Impact of the interventions
We utilized a linear mixed models analysis to permit inclusion of all of the data. Table 2 shows model-predicted baseline and end-of-study values for patients who saw residents in the different intervention arms; the values are shown adjusted for differences in age, sex, race, BMI, known duration of diabetes, length of follow-up, clustering, and number of medical clinic and diabetes clinic visits (it was not possible to exclude the option of visits to the latter clinic). During the study, improvement of A1C with feedback + reminders (0.6%) was significantly greater than in the control group (0.2%, P < 0.02). A1C also improved significantly with both feedback only (−0.4%) and reminders only (−0.3%), but end-of-study values in these groups were not significantly different from the control group. sBP also improved significantly with both feedback + reminders (−3.4 mmHg) and feedback only (−3.2), but did not change significantly with either reminders only (+1.2) or in the control arm (−2.4). LDL cholesterol improved significantly with all of the intervention arms, but the change was greatest with the feedback + reminders arm (−18 mg/dl).

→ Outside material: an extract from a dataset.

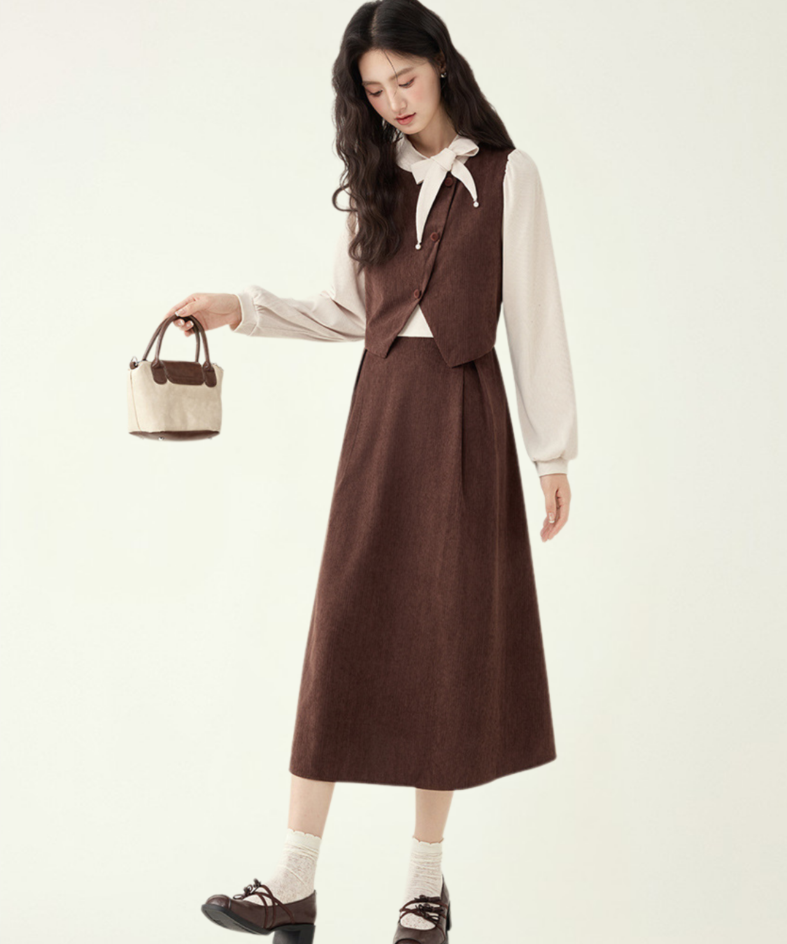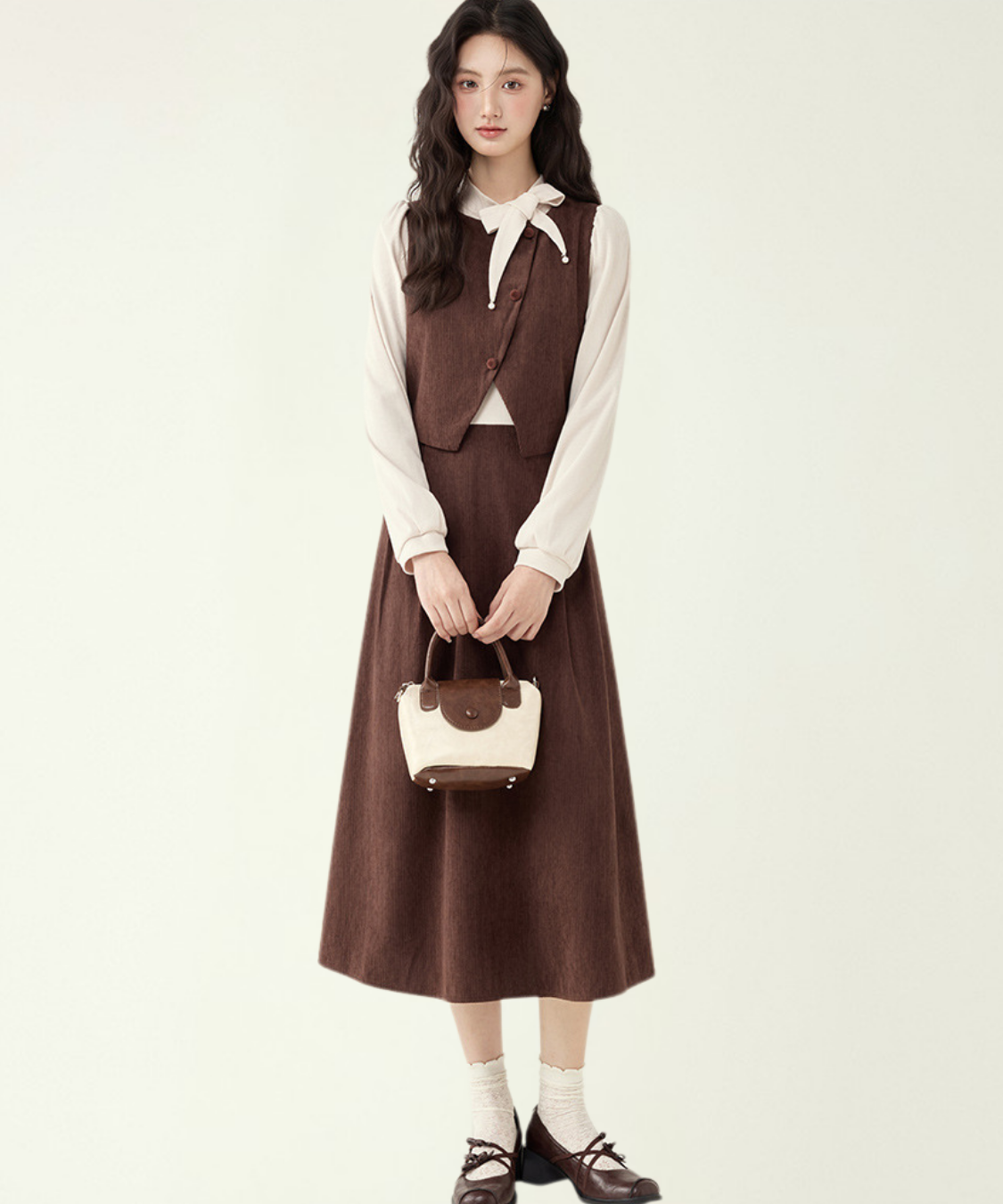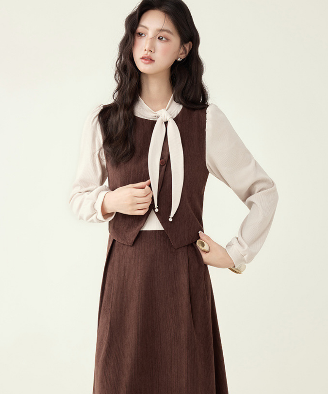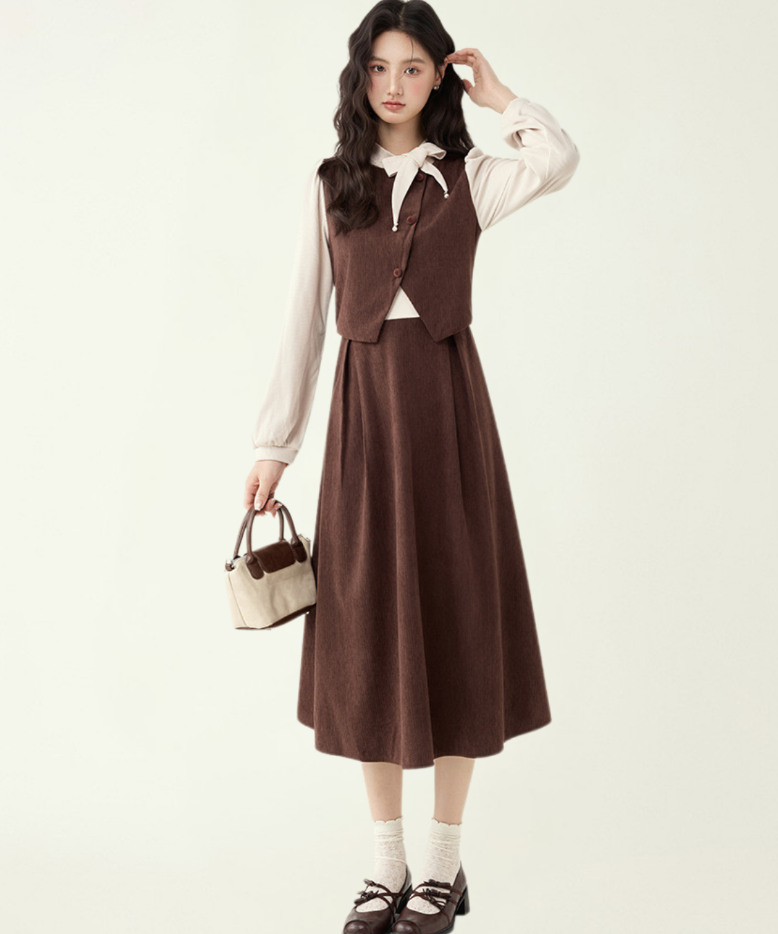 まるでレイヤードしているかのような、ベスト風デザインが目を引くAラインワンピースです。

Multivariable analysis of the independent contribution of the interventions
In order to adjust for potential differences in group characteristics, we evaluated the independent contributions of the interventions to attainment of ADA treatment goals (Table 3). Attainment of the A1C goal was impeded by higher BMI, longer duration of diabetes, and higher baseline A1C, but facilitated by greater age, more diabetes cinic visits, longer follow-up, and the feedback intervention (P = 0.016). Among 2,124 patients who would have been expected to be impacted by the study interventions (≥3 visits, ≥6 months follow-up, ≥50% of visits seen by residents), baseline values were comparable (not shown), but the A1C goal was attained by 56% of patients in the feedback + reminders group, 57% with feedback-only, 47% with reminders-only, and 49% with control subjects (P < 0.02 for feedback + reminders and feedback-only versus control group and reminders-only). Attainment of the sBP goal was reduced by greater age, BMI, longer duration of diabetes, African-American ethnicity, having had more medical clinic visits, and higher baseline blood pressure but was facilitated by having had more diabetes clinic visits, longer follow-up, and the feedback intervention (P = 0.001). However, the interventions had no independent effect on attaining the LDL goal.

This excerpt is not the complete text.